Traditional Culture Encyclopedia - Traditional festivals - The full text of Beijing Spring Festival describes a large number of Chinese New Year customs in old Beijing in chronological order. What are the details?

The full text of Beijing Spring Festival describes a large number of Chinese New Year customs in old Beijing in chronological order. What are the details?

Write New Year's Eve, the first day of the first month, and the fifteenth day of the first month in detail, and briefly write the seventh and twenty-third days of the twelfth month.

Original text:

According to the old rules in Beijing, the Spring Festival begins almost at the beginning of the twelfth lunar month. "La Qibala, freeze to death in western Western jackdaw", which is the coldest time of the year. On Laba Festival, everyone cooks Laba porridge. Porridge is made of all kinds of rice, beans and dried fruits. This is not porridge, but a small agricultural exhibition.

In addition, laba garlic will be soaked on this day. Put garlic cloves in vinegar, seal them, and serve as jiaozi for the New Year. By the end of the year, garlic is soaked like jade, and vinegar is a little spicy, which makes people want to eat more jiaozi. In Beijing, during the Spring Festival, every family eats jiaozi.

When children prepare for the Spring Festival, the first important thing is to buy miscellaneous company. This is made of dried fruits such as peanuts, dates, hazelnuts and chestnuts mixed with candied fruit. Children like to eat these odds and ends. The second important thing is to buy firecrackers, especially boys. I'm afraid the third thing is to buy all kinds of things-kites, diabolos, harmonicas and so on.

The children are happy and the adults are busy. They must prepare food, drink, wear and use for the new year to show the new atmosphere of the new year.

Lunar New Year's Eve is almost a preview of the Spring Festival. As soon as black firecrackers go off, it smells like Chinese New Year. On this day, I want to eat sugar. There are many vendors selling maltose and glutinous rice candy in the street. Sugar is rectangular or melon-shaped, sweet and sticky, and children like it best.

After twenty-three, everyone is busier. We must clean up once, and we must prepare enough meat, chicken, fish, vegetables and rice cakes-most shops are closed from the first day of the first month to the fifth day of the first month and don't open until the sixth day of the first month.

New Year's Eve is really lively. Every household is scrambling to make new year's dishes, and there is wine and meat everywhere. Men, women and children all put on new clothes, with red couplets outside the door and all kinds of New Year pictures in the room. On New Year's Eve, every household lights up all night and firecrackers are not allowed to stop. People who work outside will go home for a reunion dinner unless they have to. That night, except for very young children, no one slept, and everyone had to stay up late.

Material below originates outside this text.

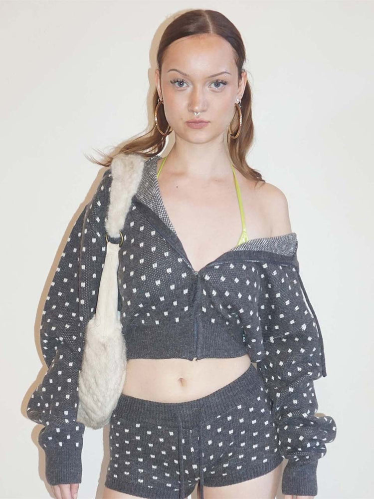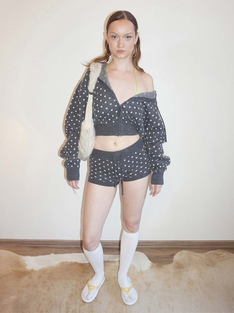 Snowflake Knit Zip-Up Gray

The scene on the first day of the first month is completely different from the scene on New Year's Eve: all the shopkeepers put up boards, the firecrackers were piled up in front of the door last night, and the whole city was resting.

Men pay New Year greetings to relatives and friends before noon. Women receive guests at home. Many temples inside and outside the city hold temple fairs, and vendors set up stalls outside the temples to sell tea, food and various toys. Children especially like to visit temple fairs, in order to have a chance to see the wild scenery outside the city, ride donkeys and buy those special toys for the New Year. There are horse races and camel races at the temple fair. These competitions are not to see who is the first and who is the second, but to show the graceful posture and skillful skills of horses, camels and riders in front of the audience.

Most shopkeepers open their doors on the sixth day of the first month, but they are not very busy. The guys in the shop can also take turns visiting temple fairs, flyovers and operas.

The listing of the Lantern Festival has brought another climax to Spring Festival travel rush. On the fifteenth day of the first month, lights are decorated everywhere, and the whole street seems to be a happy event, prosperous and beautiful. Hundreds of lamps are hung in famous old shops, some are all made of glass, some are all made of horns, some are gauze lamps, and some are all painted with all the stories of a dream of red mansions or the outlaws of the marsh. This is also the advertisement of that year. As soon as the light is hung, anyone can visit the shop. At night, more people will watch by lighting candles under the light.

Children buy all kinds of fireworks to set off, even if they don't go to the street to be naughty, they can still play with sound and light at home. There are also lights at home: lanterns, palace lanterns, all kinds of paper lanterns, and gauze lanterns, with small bells inside, which will jingle when the time comes. On this day, everyone must also eat Yuanxiao! This is indeed a beautiful and happy day.

Blink of an eye to the residual light temple, the end of the Spring Festival on the 19th day of the first month. Students have to go to school and adults have to do things as usual. The twelfth lunar month and the first lunar month are the most leisure times for everyone in the countryside. After the Lantern Festival, the weather turned warmer and everyone went to work again. Although Beijing is a city, it also celebrates the New Year with the countryside. It's too noisy.